▸ Data section
-*-*-

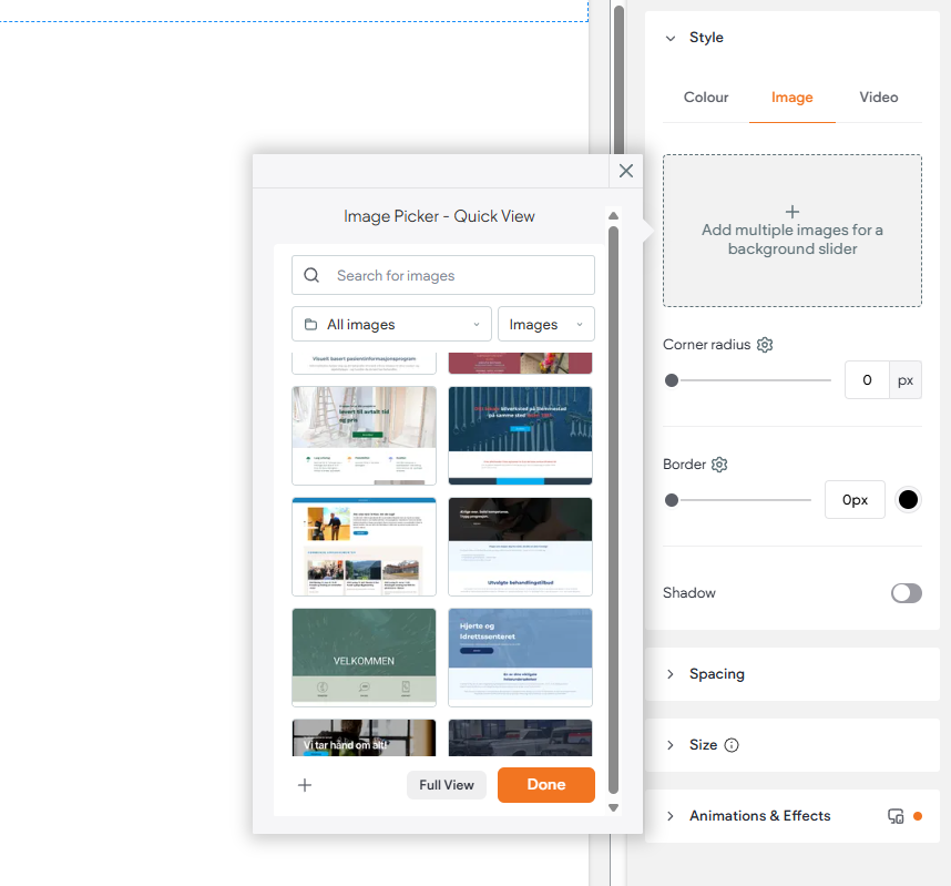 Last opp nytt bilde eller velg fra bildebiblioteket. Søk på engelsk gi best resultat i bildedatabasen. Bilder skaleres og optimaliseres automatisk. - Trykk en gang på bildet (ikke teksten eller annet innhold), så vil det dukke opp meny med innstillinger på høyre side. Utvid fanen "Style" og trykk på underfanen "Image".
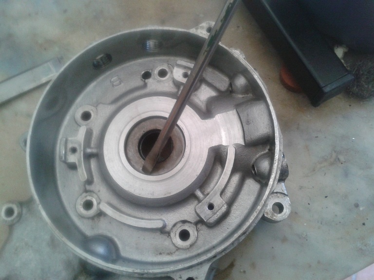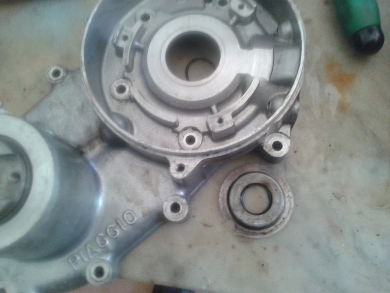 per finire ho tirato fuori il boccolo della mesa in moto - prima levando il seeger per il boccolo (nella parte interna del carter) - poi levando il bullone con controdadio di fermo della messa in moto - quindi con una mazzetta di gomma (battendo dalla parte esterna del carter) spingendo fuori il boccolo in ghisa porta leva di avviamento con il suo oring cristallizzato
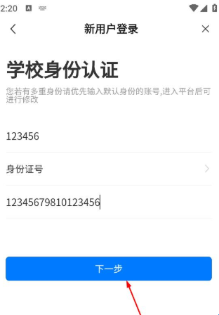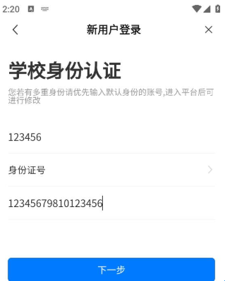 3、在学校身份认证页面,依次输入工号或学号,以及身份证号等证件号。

-*-*-

▸ What the task requires
Every line from the one containing "per finire ho" through the end of the listing is to be copied exactly; the pictures are not.

▸ Final answer
 per finire ho tirato fuori il boccolo della mesa in moto - prima levando il seeger per il boccolo (nella parte interna del carter) - poi levando il bullone con controdadio di fermo della messa in moto - quindi con una mazzetta di gomma (battendo dalla parte esterna del carter) spingendo fuori il boccolo in ghisa porta leva di avviamento con il suo oring cristallizzato
 3、在学校身份认证页面,依次输入工号或学号,以及身份证号等证件号。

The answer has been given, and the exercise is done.